Zingbus has built a platform for bus travel between Indian cities. (Several startups in India are helping users get cabs, three-wheelers autos and two-wheelers bikes. Buses have remained largely untapped.)

Tilt is building a docked bike-sharing platform for Indian campuses. The startup, which has generated about $20,000 in revenues this month so far, says it has been profitable for the past 18 months.

FanPlay is a platform for social media influencers, helping them monetize by playing mobile games with their fans and followers.

(Also read: Why Y Combinator Went 8,725 Miles Away From Mountain View To Find The Next Big Startup)

In India only a fraction of the nation’s 1.3 billion people currently have access to insurance and some analysts say that digital firms could prove crucial in bringing these services to the masses. According to rating agency ICRA, insurance products had reached less than 3% of the population as of 2017.

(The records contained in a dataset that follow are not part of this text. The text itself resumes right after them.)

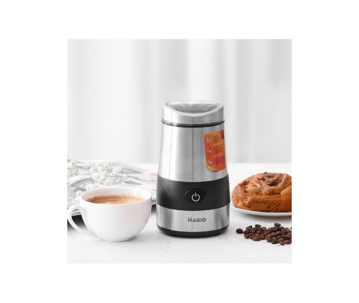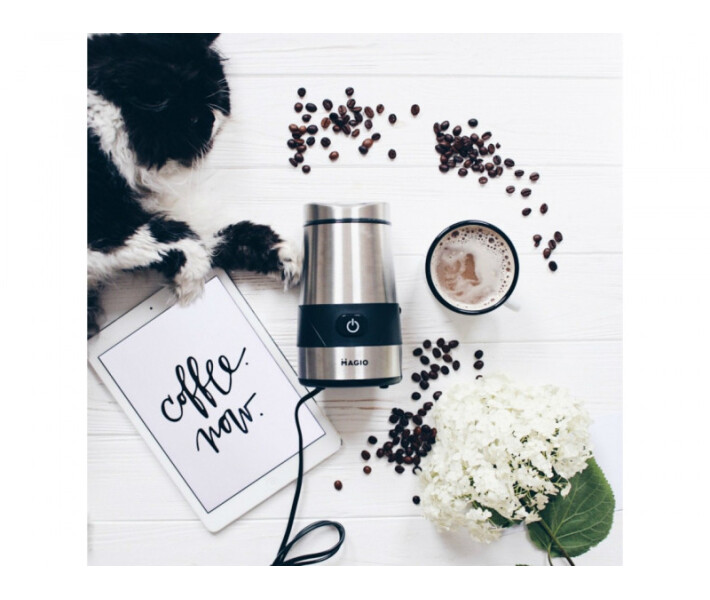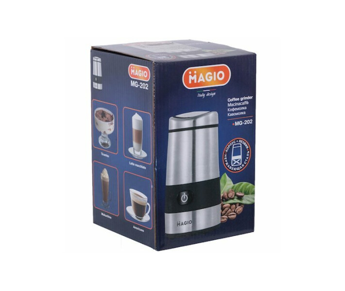 Кавомолка MG-202 з ножами з нержавіючої сталі наповнить кухню чудовим ароматом меленої кави. Колір металік - безпрограшне, класичне рішення, яке стане оригінальним акцентом в інтер'єрі Вашої кухні. Потужність приладу становить 250 Вт, що дозволяє якісно подрібнити зерна та приготувати смачну каву. Кавомолка має відсік для зберігання шнура, що дозволяє комфортно зберігати кухонний прилад у шафі. Плавний пуск двигуна та корпус з нержавіючої сталі гарантують надійність та довговічність.
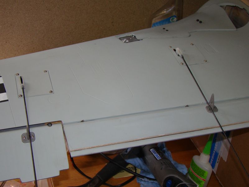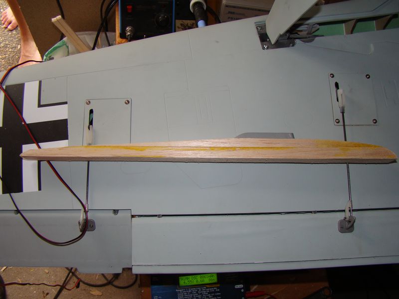 Även så monterade jag roderhornen på skevrodren och klaffarna. Fick göra lite tillpassning på bakplattan för att få den att passa i lätthålen i klaffens baksida.
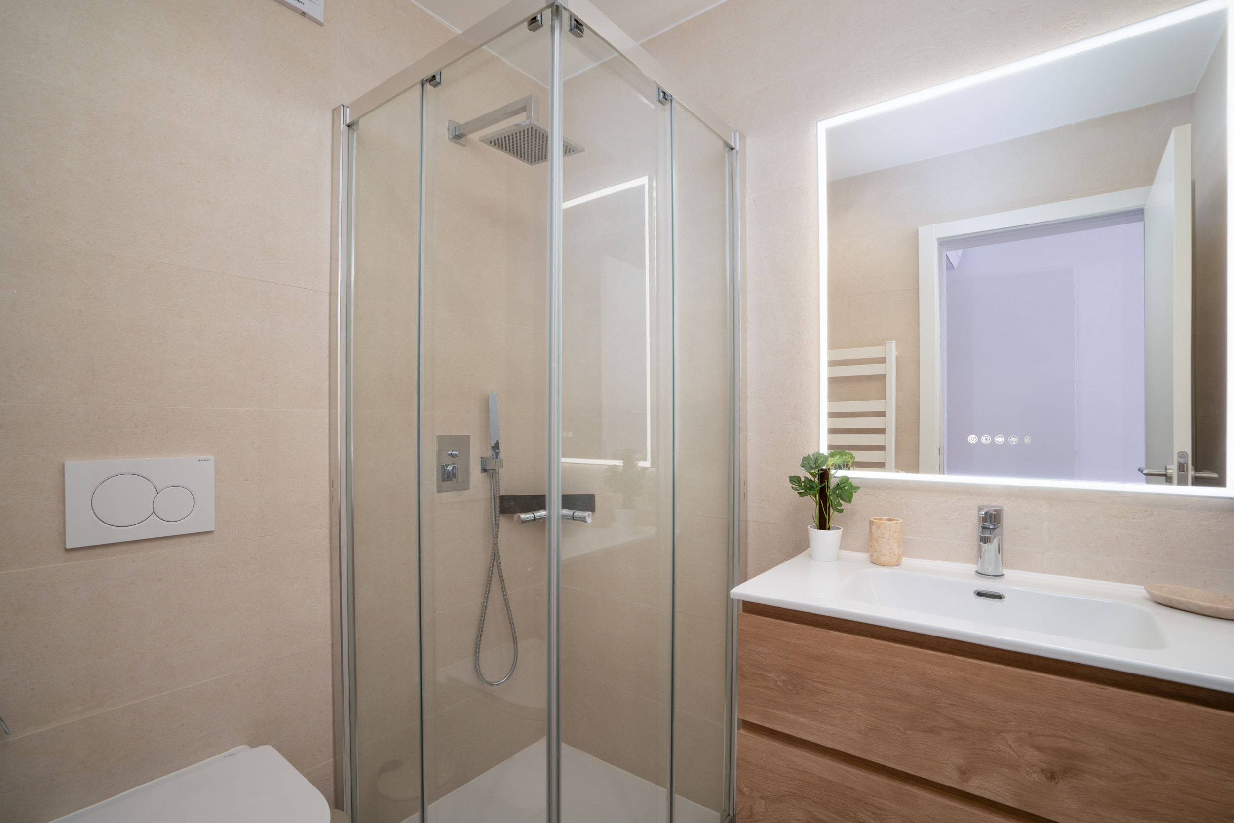 Dois terraços privados envolvem o apartamento, oferecendo múltiplos locais para relaxar ou jantar ao ar livre. Desfrute do café da manhã ou de um copo de vinho à noite enquanto aproveita a quente brisa costeira. O deslumbrante terraço privado no telhado proporciona o refúgio perfeito — com espreguiçadeiras, uma pérgola sombreada e assentos confortáveis para leitura ou reflexão tranquila.
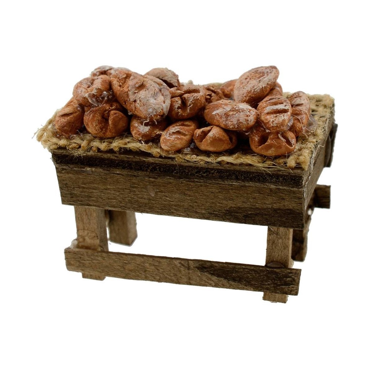 Banco in legno con pane in terracotta realizzato interamente a mano, consigliato per statue di altezza cm 6,5-8
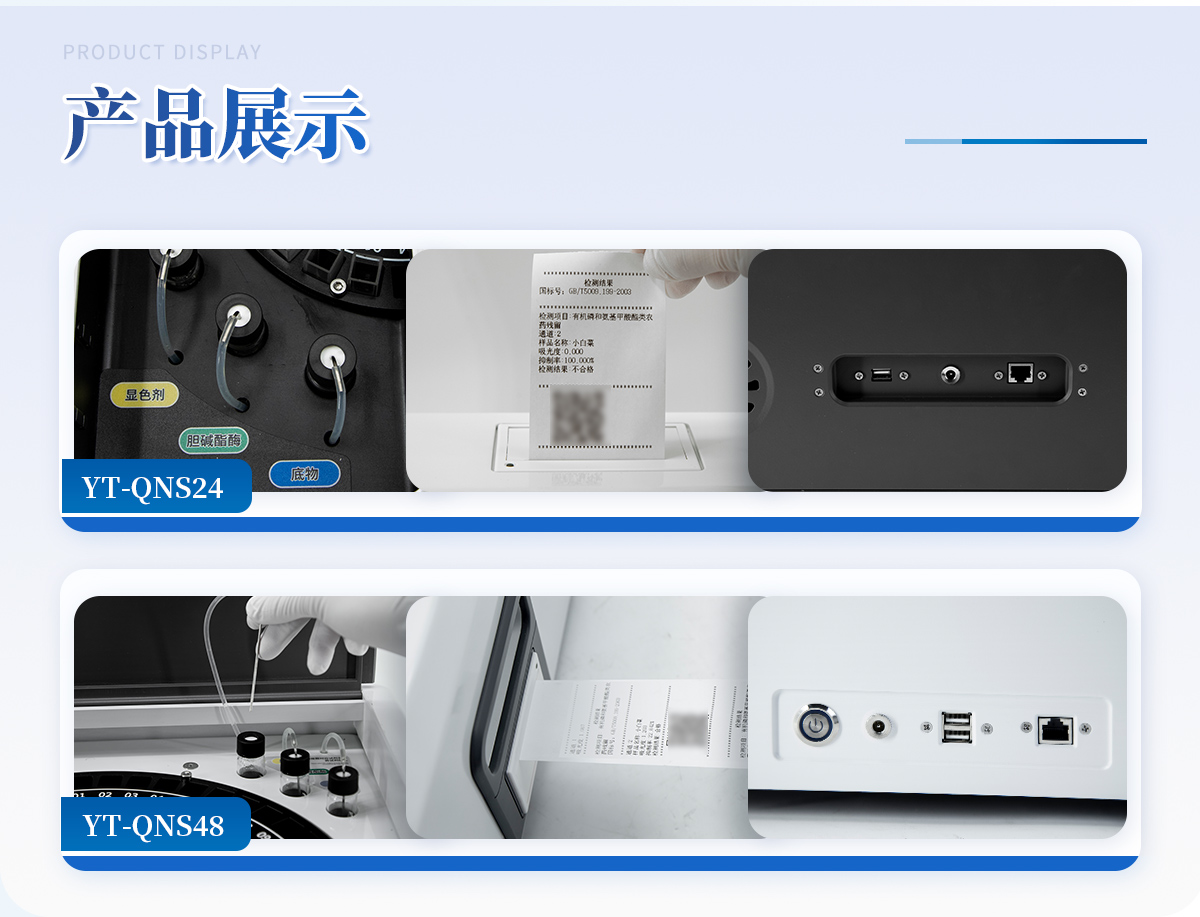 | 1. 試劑位置:3個 | 2. 農殘檢測盤:旋轉24通道比色盤,可任意選擇檢測通道,自動對應選擇通道。 | 3. 膠體金通道:2個,可讀取檢測卡結果,自動采集、處理分析,自動判斷檢測結果,并具備自動判空功能。 | 4.系統配置:10.1寸高清液晶觸摸屏,采用ARM Cortex?-A7,RK3288/4核處理器,運行內存1GB。Android7.1.1 系統分辨率1280×800。 | 5.恒溫系統:具有自動加溫溫控系統,精準恒溫37℃,精度±0.1℃。 | 6.添加系統:儀器按照試劑要求自動、按時、按量加入試劑,并且自動對未正常放置的樣本或異常的樣本進行檢查并提示。 | 7.清洗功能:儀器具備回流及自動清洗管路功能,避免試劑污染。 | 8.混勻功能:設備具備自動混勻功能。 | 9.光源校準:設備可自動校準,確保檢測準確度。 | 10.實時監控:儀器測試過程中屏幕顯示運行狀態,可實時查看。 | 11.數據存儲:內部存儲16GB,可存儲500萬條數據。 | 12.樣品多選功能:設備具備樣品一鍵多選功能,選擇樣品自動匹配檢測通道。 | 13.項目預設:可提前設置單個及多個相同或不相同的檢測任務,可單次或者多次調取,減少檢測時間。 | 14.自定義打印系統:內置自定義打印系統,可按需靈活設置開啟或關閉:產品合格證(國家農業部標準),二維碼,抽樣信息、檢測信息,受檢信息等信息的打印。 | 15.A4版本報告打印功能:設備可自動生成A4版報告,A4報告帶二維碼,可掃描二維碼生成電子版,并可識別真偽。 | 16.傳輸方式:儀器配備無線通信模塊: 4G(APN)通訊模塊、Wifi模塊,藍牙傳輸模塊,同時具有USB接口以及RJ45接口能以多種方式實現數據保存和數據傳輸功能,設備數據可以同步上傳至平臺。 | 17.系統17.數據監管系統:設備自帶監管平臺,并可同步對接監管平臺,數據可局域網和互聯網數據上傳,檢測結果可直接傳至食品安全監管平臺。達到食品安全問題預估、預警。 | 18.系統遠程更新功能:無需設備返廠,即可遠程實時升級全新系統,節省時間成本及避免運輸造成設備損。 |

An average Indian makes about $2,100 a year, according to the World Bank. ICRA estimated that of those Indians who had purchased an insurance product, they were spending less than $50 on it in 2017.

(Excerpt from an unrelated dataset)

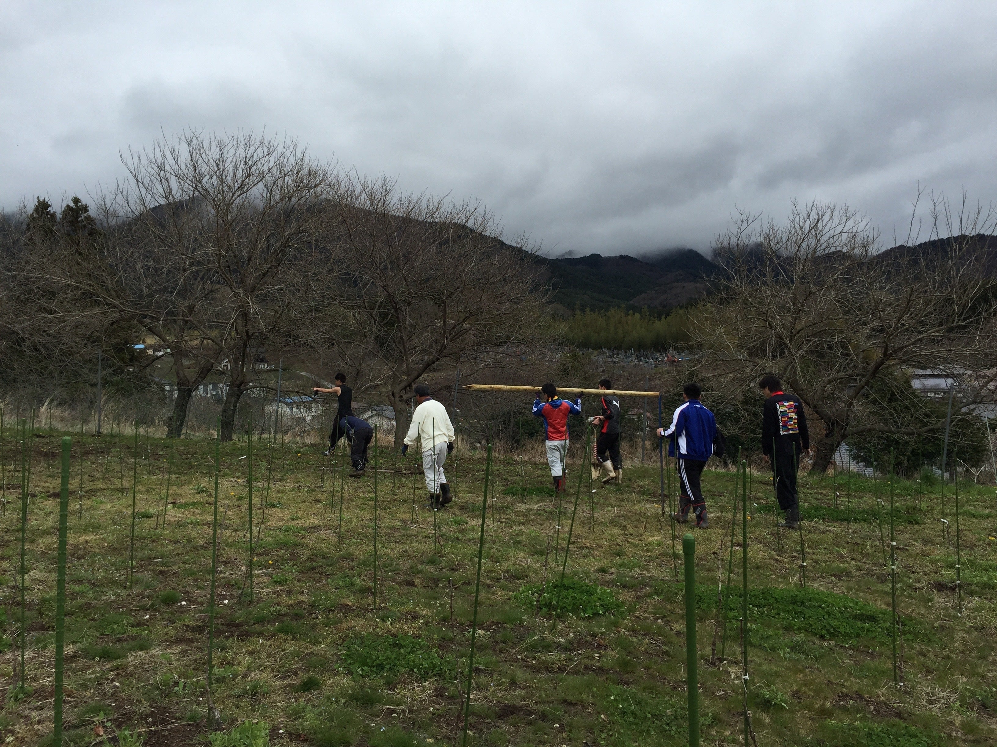 ▲ぶどう畑で作業を手伝ってくれたボランティアの皆さん(2015年4月)
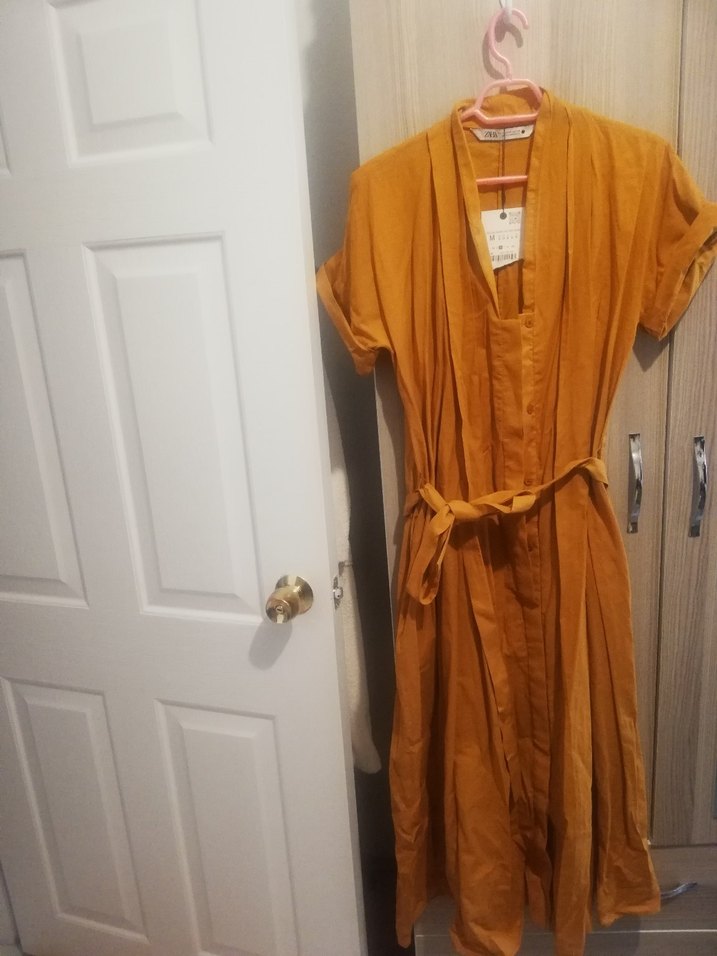 Kemerli bel, V yakalı, kısa kollu ve bol kesimli uzun sarı keten elbise, minimal ve bohem tarzda.

Three startups in the current batch are planning to disrupt this market, which is largely commanded by state and bank-backed insurers.

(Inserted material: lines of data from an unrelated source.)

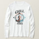Kvinna som mediterar grafik med text, "Chill Vibes" avslappnande, upplyst känsla.
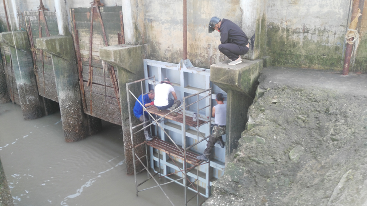 為確保機電設(shè)備運行正常,按時供好水,服務(wù)好海水養(yǎng)殖業(yè)。連日來,機電服務(wù)公司認真組織好修理人員,對六圩閘站機電設(shè)備進行修理維護。在市勞模、機修組長王緒華的帶領(lǐng)下,所有參加人員不怕臟和累,趕潮水,對水泵、閘門、啟閉機等進行維修作業(yè)。該組有6名修理人員,其中有3名是黨員,1名黨積子,他們能身先士卒,發(fā)揮了黨員先鋒作用,二星級員工程洪連能吃苦在前,臟了3套工作服,都沒有心疼。經(jīng)過近2周時間維護修理,共修理155KW水泵2臺、啟閉機1臺,拆除木閘門、安裝鋼閘門各1塊、更新草擋2片。為正常開機揚水提供了保障。(機電服務(wù)公司)
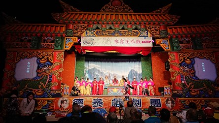 昨日中央客委會所舉辦的「收冬戲」全台巡演首場演出,由德泰戲劇團打頭陣,上演感人的戲碼《天下父母心》,演出前也以表達祈願的「扮仙」揭開序幕,為民眾賜福;市府客委會主委劉宏基、市議員張芬郁、李天生及草湖太子宮副主委李清忠、台中市大屯客家協會理事長黃子勇等人到場共襄盛舉。
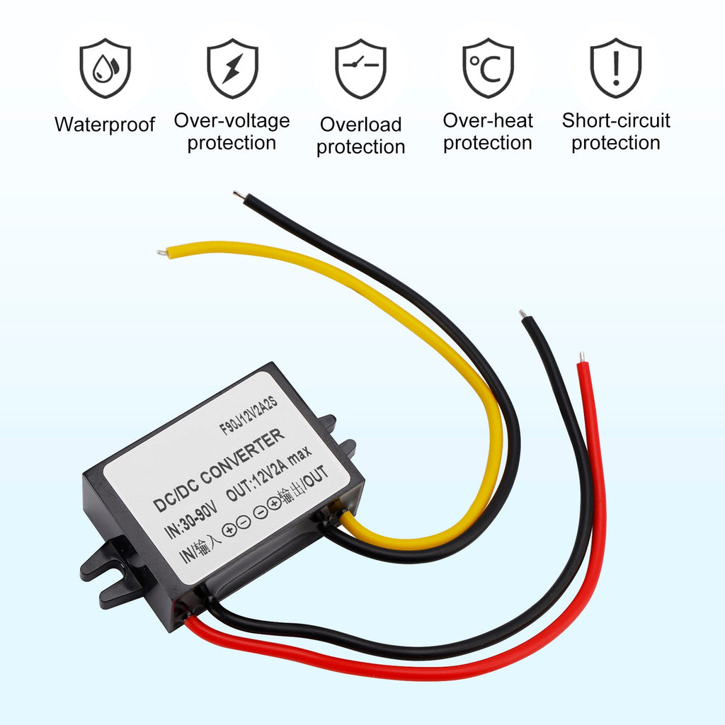 WaterProof 30-90V to 12V 2A 24W Step Down DC/DC Power Converter Regulator
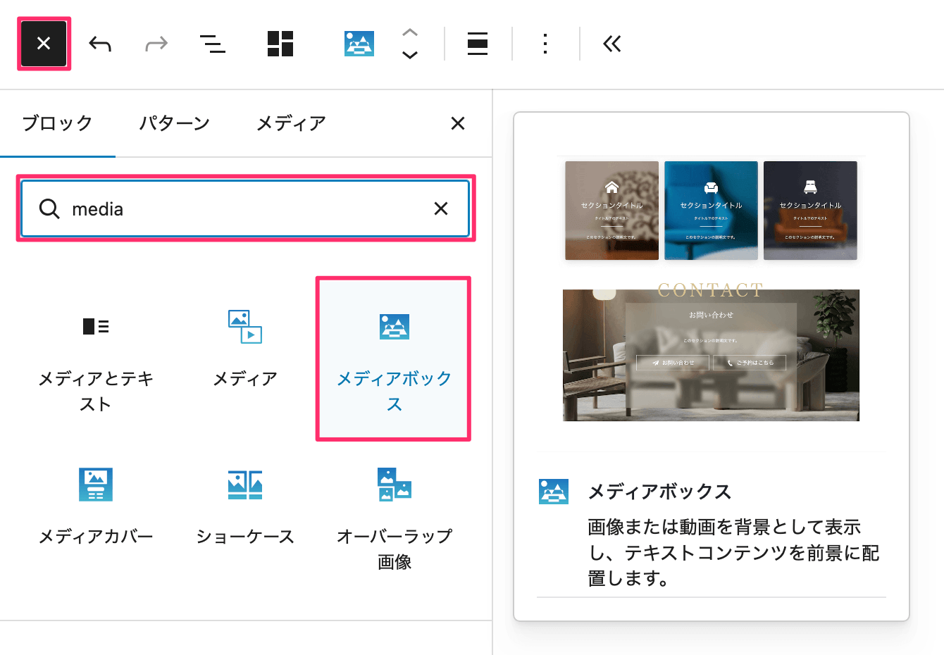 ブロックを追加するには、ブロックインサーターボタンで一覧を開き、検索フォームに「メディア」、「ボックス」、「media」、「box」、「digipress」などと入力して検索し、追加します。

GroMo is an app for independent agents to sell insurance in India. Most insurance policies in India are sold by agents. The startup says it is already generating monthly revenues of over $200,000.

Bimaplan is attempting to replace the agents with an app and reach users by a referral network. The app launched last month and has already sold 700 policies this month.

BimaPe helps users better understand their policies, and make informed decisions about whether those policies are right for them. The startup, leveraging New Delhi’s new regulations, is using a government issued ID card to fetch insurance policies.

Codingal is an online, after-school program for K-12 students in India to learn computer science. There are roughly 270 million K-12 students in the country.

Unschool provides professional education for college students in India. The founders say, “As former leaders in youth-run organisations with 3,000 members and edtech startups in India, we saw how colleges are not preparing students for the real world.”

Flux Auto builds self-driving kits for trucks.

SigNoz is an open-source alternative to DataDog, a $30 billion company, helping developers find and solve issues in their software deployed on cloud. The startup says recent laws such as GDPR and CPRA have helped drive adoption of SigNoz.

Pibit.ai are APIs to turn unstructured documents into structured data.

Invoid creates identity workflows in India. It’s tapping into a huge market opportunity: About 11 billion know-your-customers authentication is conduced by firms in India each year.

Redcliffe Lifesciences performs genetic testing and IVF treatments across India. Its revenue in March has topped $600,000.

Veera Health is an online clinic that treats Polycystic Ovary Syndrome (PCOS), a lifelong condition that affects 10-20% women in India. The startup says it launched 12 weeks ago, and 85% members have reported feeling “in control” of their PCOS after 1 month.

Snazzy is SmileDirectClub for India. The startup says it sells clear aligners that are 70% cheaper than those sold by dentists.

BeWell Digital is building the operating system for India’s 1.5 million hospitals, labs, clinics and pharmacies by starting with insurance regulatory compliance.

Triomics is operating a SaaS platform for end-to-end automation of clinical trials.